Tyco jurors break for the weekend

TYCO'S DENNIS KOZLOWSKI ENTERS COURT IN NEW YORK
Former Tyco International Ltd. Chairman Dennis Kozlowski arrives at court with his wife Karen in New York Friday. Chip East / REUTERS
/ Source: The Associated Press

The judge in the corporate-looting trial of two former Tyco International Ltd. executives sent squabbling jurors home for the weekend Friday, declining to declare a mistrial at least for the moment.

“I will not be granting a mistrial at this point,” state Supreme Court Justice Michael Obus told lawyers after sending the jury home. “We’ll see what happens on Monday.”

Earlier in the day, jurors reported that their deliberations were “irreparably compromised” by infighting. The judge asked them to reconsider over lunch, and the jurors later answered with a note asking that they be allowed to return Monday.
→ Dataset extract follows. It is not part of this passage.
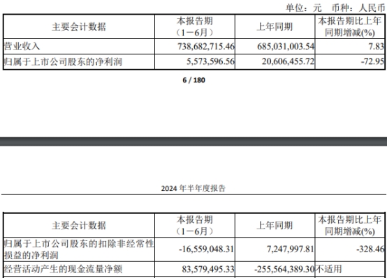 中国经济网北京8月30日讯 中自科技(688737.SH)昨晚披露的2024年半年度报告显示,公司上半年实现营业收入7.39亿元,同比增长7.83%;归属于上市公司股东的净利润557.36万元,同比下降72.95%;归属于上市公司股东的扣除非经常性损益的净利润-1655.90万元,上年同期为724.80万元;经营活动产生的现金流量净额为8357.95万元,上年同期为-2.56亿元。

“In this, your wish is my command,” the judge said. He added: “Put this away for a while. Relax. Do whatever you can do safely over the weekend, and be back at 9:30 Monday morning.”

Friday was the seventh day of deliberations by the jury, which sat through nearly six months of testimony.
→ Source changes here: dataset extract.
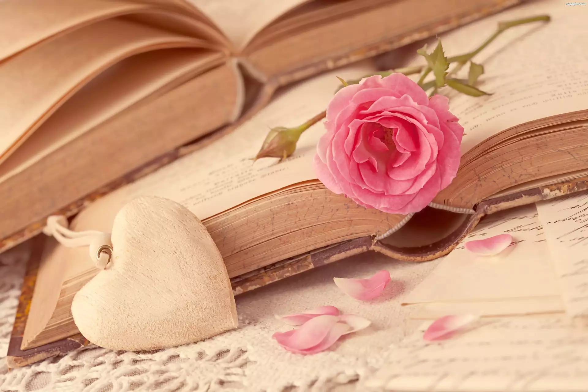 Książki, Płatki, Serce, Róża

The jurors are weighing charges against former Tyco chief executive L. Dennis Kozlowski and former chief financial officer Mark Swartz, who are accused of stealing $600 million from the conglomerate. The two allegedly took unauthorized bonuses and abused company loan programs and used the money to finance lavish lifestyles.

Before lunch, the judge had said he was not optimistic that the trial of former Tyco chief executive L. Dennis Kozlowski and former chief financial officer Mark Swartz would continue past Friday.

In notes sent to the judge Thursday, the jurors had called the jury-room atmosphere “poisonous,” and said that “incendiary accusations” had been made among jurors. They said at least one juror felt persecuted.

Before sending the jury home, Obus said lawyers had brought to his attention reports of a gesture made by one juror as she passed in front of lawyers on her way to the jury box earlier in the day. The gesture had been interpreted by some reporters as an “OK” sign. The judge acknowledged hearing about the gesture, and said he would continue telling jurors they should consider nothing but the evidence in the case.

The judge also reminded the jurors Friday that a readback of testimony that they had requested Thursday was still available if they wanted it.